» How to complete this task:
Beginning with the line that holds "And then on", write out each line exactly as it stands until the end of the data, and include no pictures.
*** Information provided ***
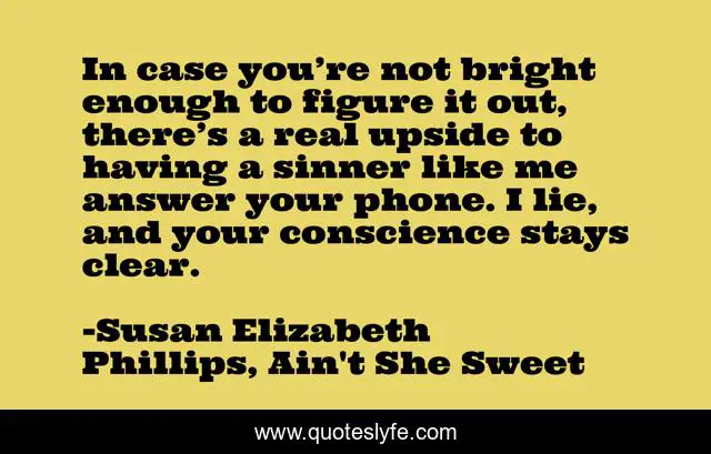 This page presents the quote "In case you’re not bright enough to figure it out, there’s a real upside to having a sinner like me answer your phone. I lie, and your conscience stays clear.". Author of this quote is Susan Elizabeth Phillips, Ain't She Sweet. This quote is about conscience, lie, phone, sinner,.
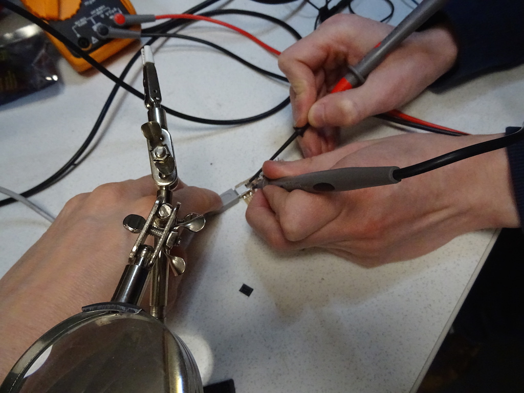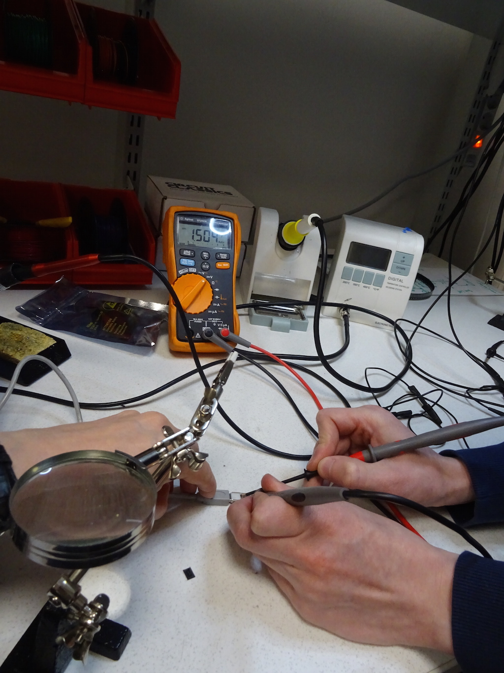 And then on soldering. I have to check the solder we have to see if it has flux in it. Still, a couple of people tell me they use extra flux. The flux that is here is old and maybe the lab needs to get new stuff, someone else says.
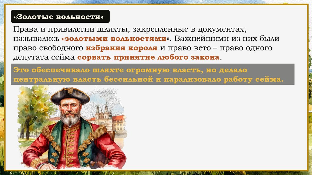 «Золотые вольности»Права и привилегии шляхты, закрепленные в документах,
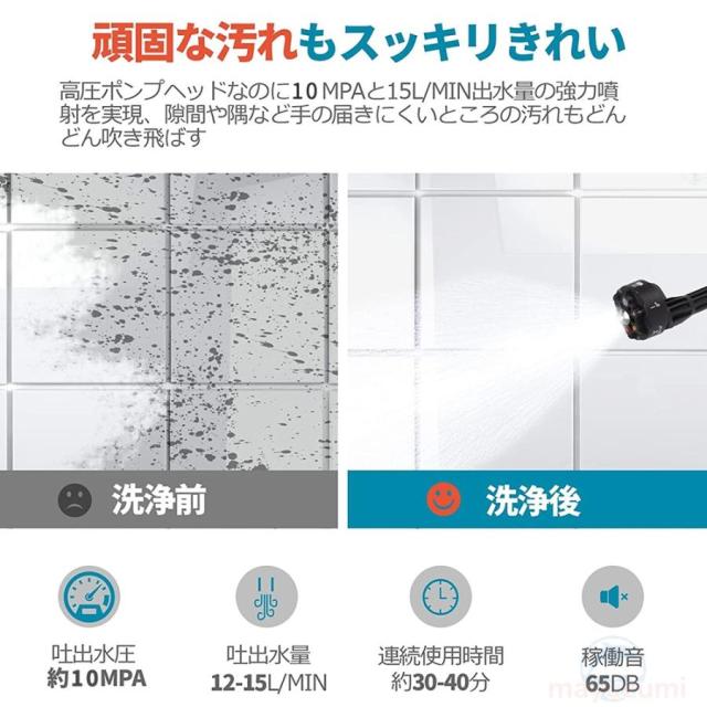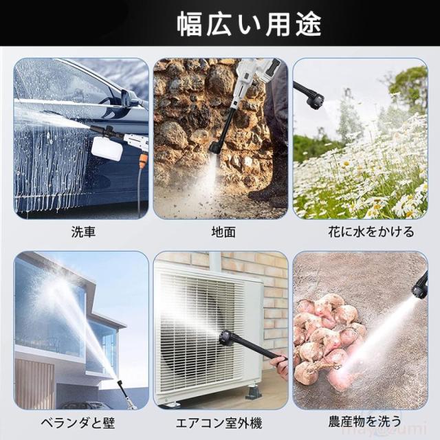 ポータブル洗車機のため、高圧水洗機は庭の散水や植木の水やり、打ち水などに便利です。マンションなどのベランダと窓はもちろん、車、バイク、自動車、自転車などの洗車機器、年末など定期掃除、BBQなどキャンプ用品の掃除、 庭の植木散水、お風呂や室内汚れの掃除、農産物の泥洗浄、塩害や台風後など大面積の地面掃除など場合におすすめます。
***
» Response to the task:
 And then on soldering. I have to check the solder we have to see if it has flux in it. Still, a couple of people tell me they use extra flux. The flux that is here is old and maybe the lab needs to get new stuff, someone else says.
 «Золотые вольности»Права и привилегии шляхты, закрепленные в документах,
 ポータブル洗車機のため、高圧水洗機は庭の散水や植木の水やり、打ち水などに便利です。マンションなどのベランダと窓はもちろん、車、バイク、自動車、自転車などの洗車機器、年末など定期掃除、BBQなどキャンプ用品の掃除、 庭の植木散水、お風呂や室内汚れの掃除、農産物の泥洗浄、塩害や台風後など大面積の地面掃除など場合におすすめます。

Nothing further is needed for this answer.